Continuing on from the equation for \(Y_{ij}\), let us denote the mean for the \(i\)-th group as \(\overline{Y_i}\), and the overall mean of all observations as \(\overline{\overline{Y}}\). We can then write the deviation of an individual observation from the overall mean as:
\[ Y_{ij} - \overline{\overline{Y}} = \underbrace{(Y_{ij} - \overline{Y_i})}_{\text{within}} + \underbrace{(\overline{Y_i} - \overline{\overline{Y}})}_{\text{between}} \]
The first term on the right of the above equation is an indication of within-group variability. The second term on the right is an indication of between-group variability. The intuition behind the ANOVA procedure is that if the between-group variability is large and the within-group variability is small, then we have evidence that the group means are different.
If we square both sides of the above equation and sum over all observations, we arrive at the following equation; the essence of ANOVA:
\[ \sum_{i=1}^k \sum_{j=1}^{n_i} \left( Y_{ij} - \overline{\overline{Y}} \right)^2 = \sum_{i=1}^k \sum_{j=1}^{n_i} \left( Y_{ij} - \overline{Y_i} \right)^2 + \sum_{i=1}^k \sum_{j=1}^{n_i} \left( \overline{Y_i} - \overline{\overline{Y}} \right)^2 \]
The squared sums above are referred to as: \[ SS_T = SS_W + SS_B \]
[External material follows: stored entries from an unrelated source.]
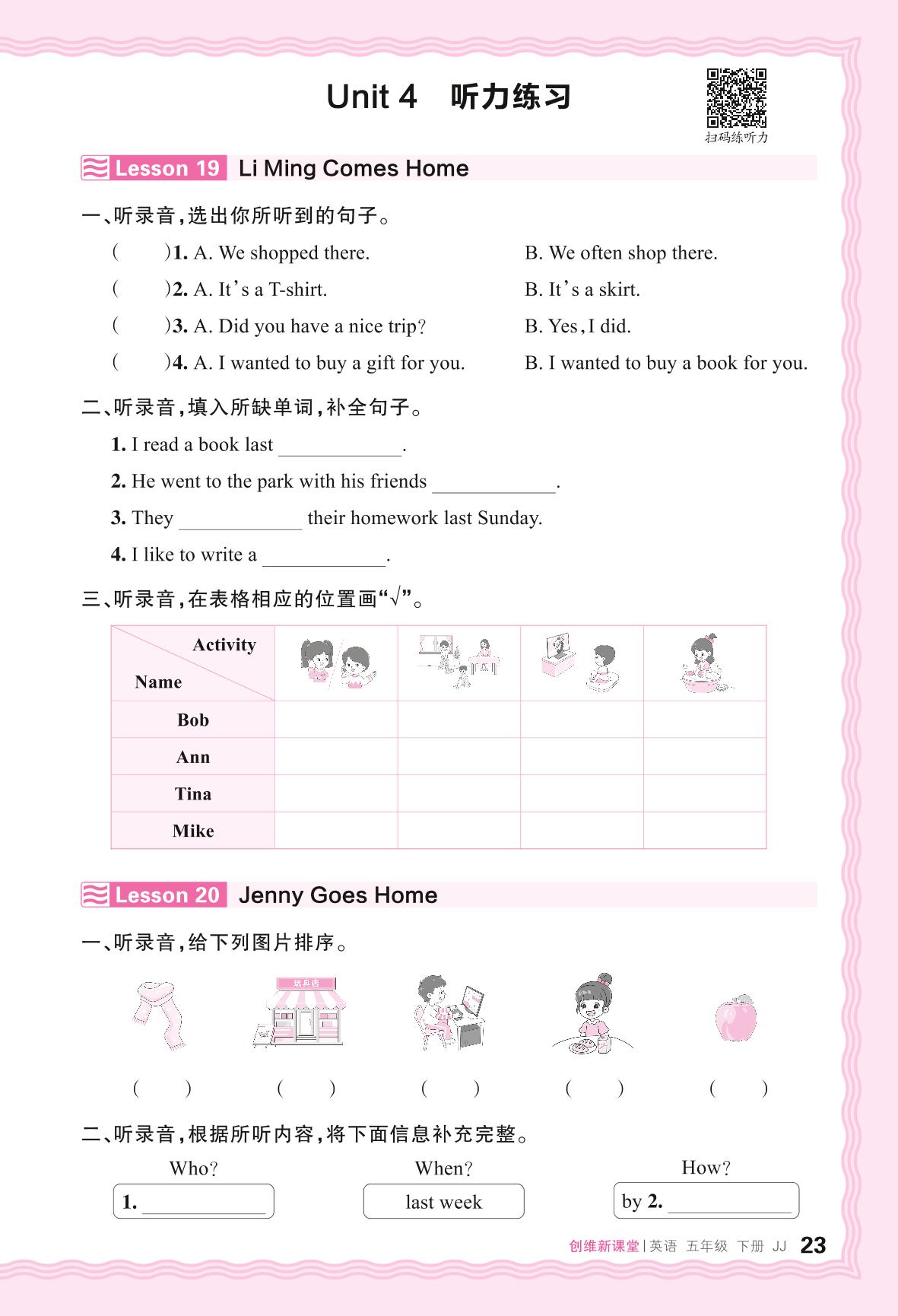 2024春下册五年级英语冀教版 Unit 4 听力练习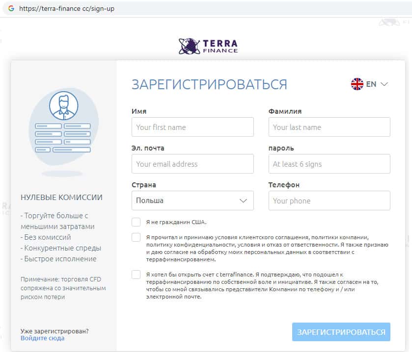 - Сказки о простоте регистрации на сайте брокерской конторы Терра Финанс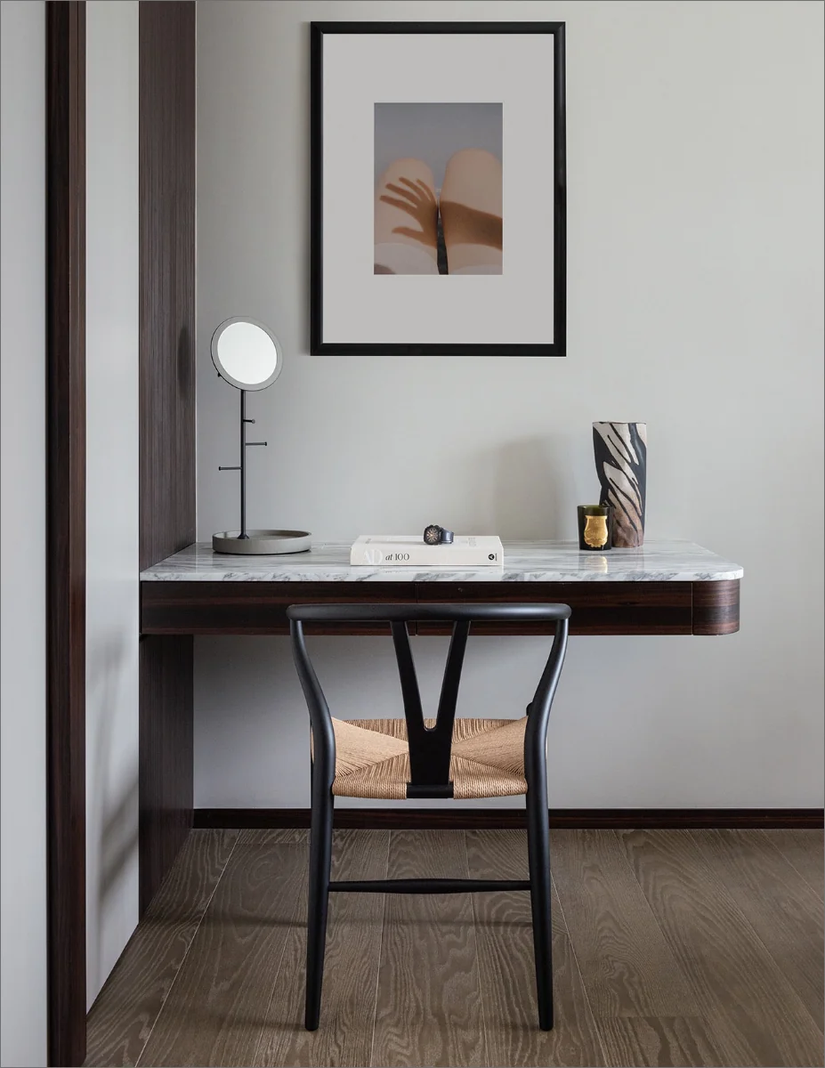 This three-bedroom apartment required no significant layout changes to achieve its desired aesthetic, featuring a master suite for the parents, a suite for the daughter complete with a walk-in closet, and an expansive study that connects to an adjacent room, catering to her diverse musical interests.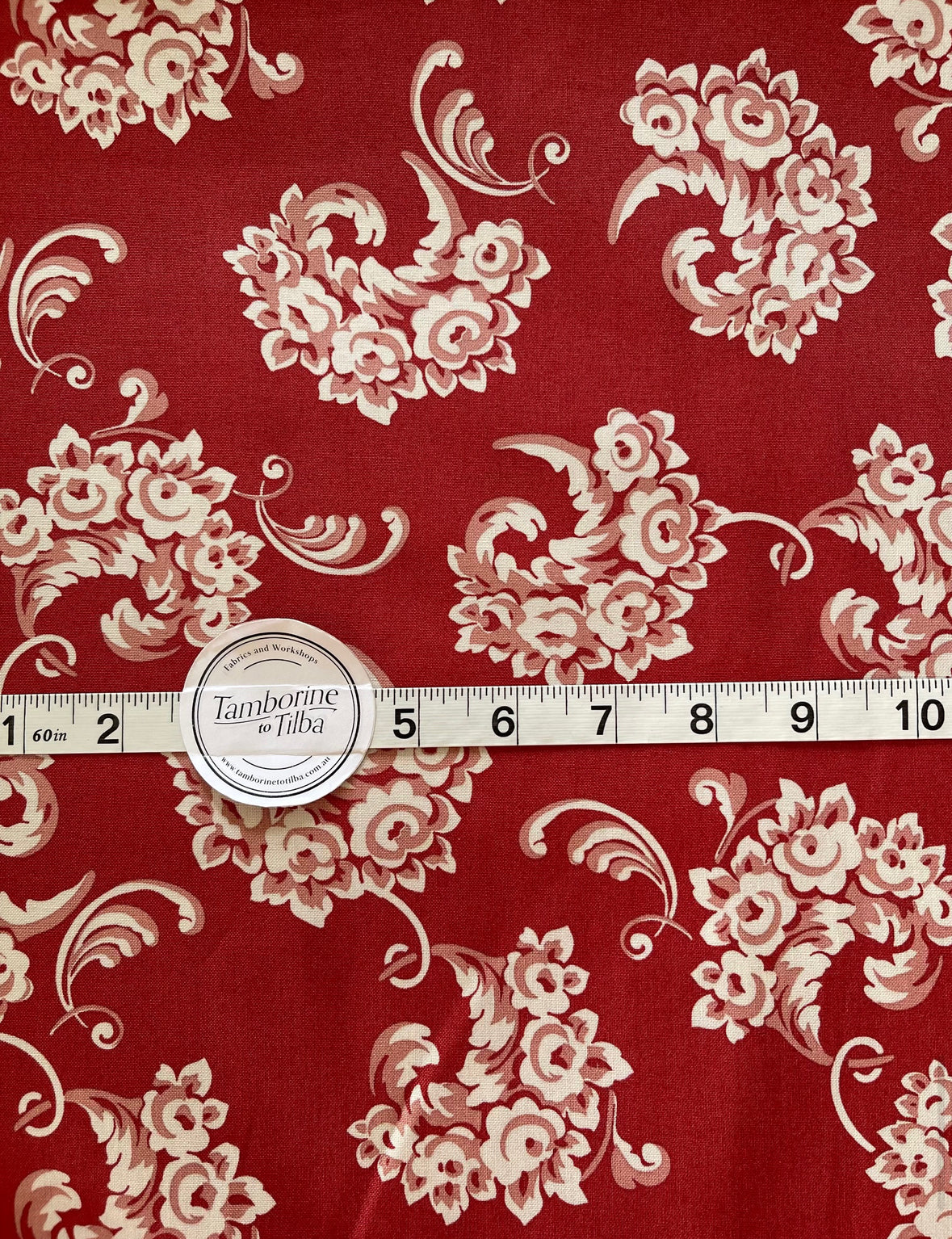 Fabric - Floral - (2846) Jane Austen Vanilla Swirled Floral on Red is backordered and will ship as soon as it is back in stock.

- \(SS_T\): Sum of Squares Total,
- \(SS_W\): Sum of Squares Within, and
- \(SS_B\): Sum of Squares Between.
In addition the following definitions are important for understanding the ANOVA output:
- The Between Mean Square: \[ MS_B = \frac{SS_B}{k-1} \]
- The Within Mean Square: \[ MS_W = \frac{SS_W}{n - k} \]
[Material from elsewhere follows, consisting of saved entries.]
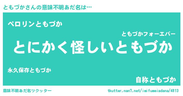 | 女子向けラノベタイトル風あだ名 | 『ともづかの卵を拾いまして』 |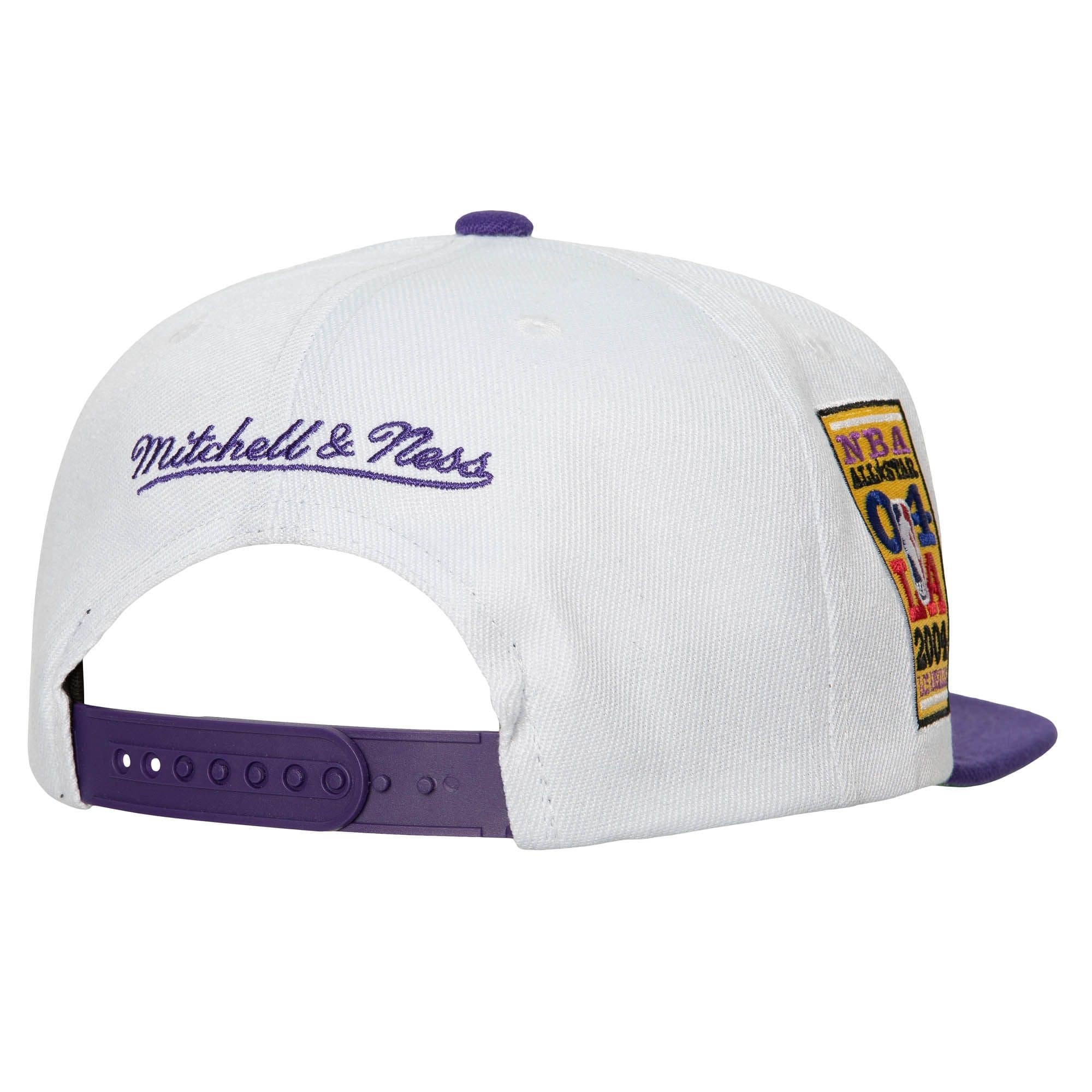 Белая бейсболка Mitchell & Ness Toss Up Snapback Los Angeles Lakers Hat в ретро-стиле имеет застежку-защелку сзади для регулировки, вышитый логотип команды Лэйкерс, логотип Уикенда Всех Звезд НБА 2004-го года в Лос Анджелесе, бренда Mitchell & Ness сзади и прямой козырек для максимального стиля. Бейсболка выполнена из полиэстера с зеленой нижней частью козырька.- Цвет: Белый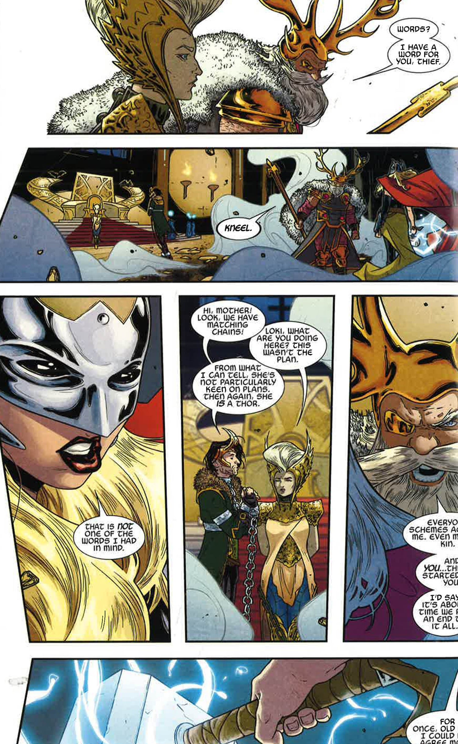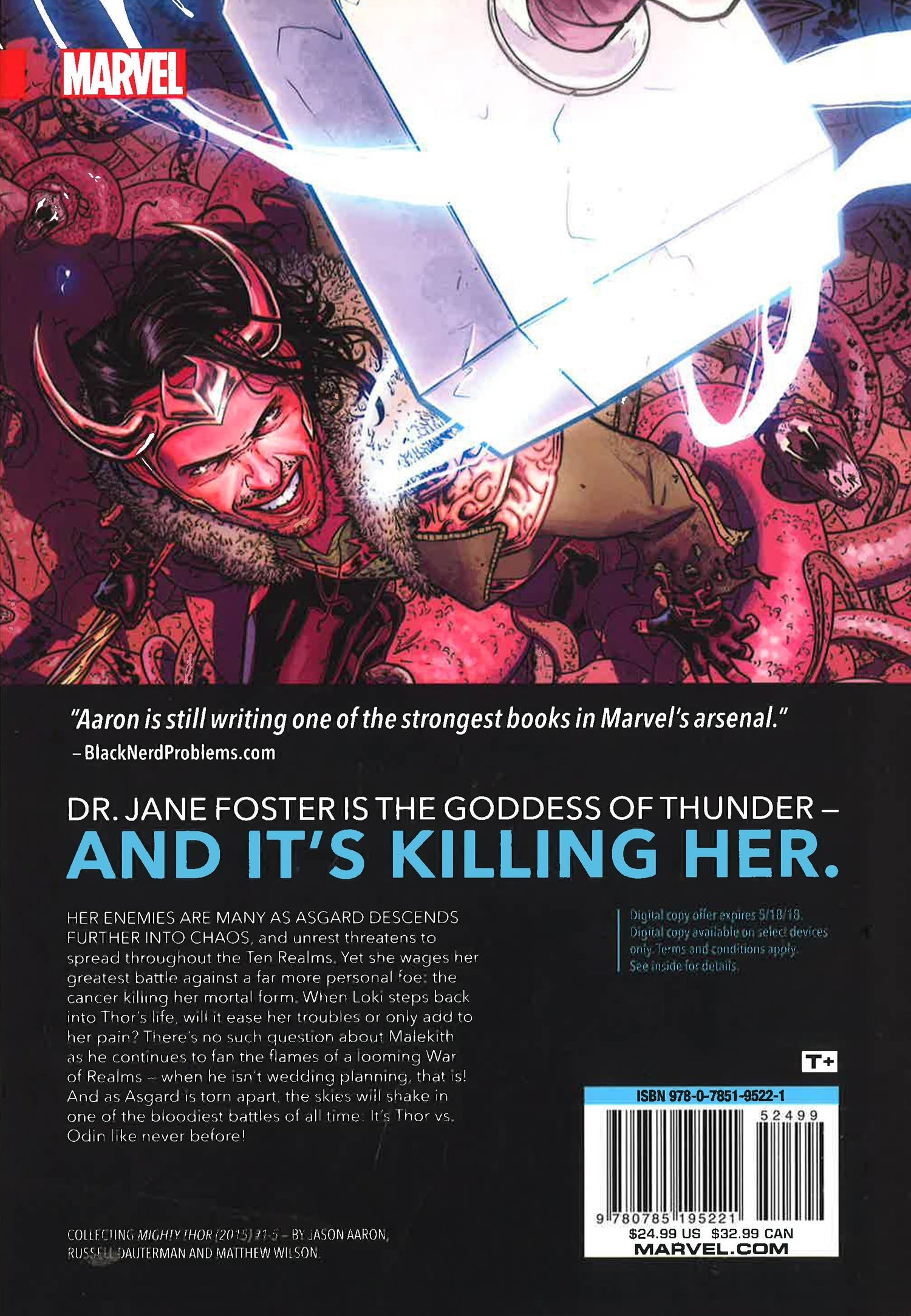 When Dr. Jane Foster lifts the mystic hammer Mjolnir, she is transformed into the Goddess of Thunder, the Mighty Thor! Her enemies are many, as Asgard descends further into chaos and unrest threatens to spread throughout the Ten Realms. Yet her greatest battle is against a far more personal foe: the cancer that is killing her mortal form. When Loki steps back into Thor's life, will it ease her troubles or only add to her pain? It's time to find out whether the next chapter in the twisting tale of the Trickster will be one of good or evil! There's no such question about Malekith, though, as he and his Dark Council continue to fan the flames of a looming War of Realms! Jason Aaron continues his startling saga of the mighty Thor!

The mean squares are estimates of the variability between and within groups. The ratio of these quantities is the test statistic.
\(F\)-Test in One-Way ANOVA
The null and alternative hypotheses are:
\[\begin{eqnarray*} H_0 &:& \alpha_i = 0 \text{ for all } i \\ H_1 &:& \alpha_i \ne 0 \text{ for at least one } i \end{eqnarray*}\]
The test statistic is given by \[ F = \frac{MS_B}{MS_W} \]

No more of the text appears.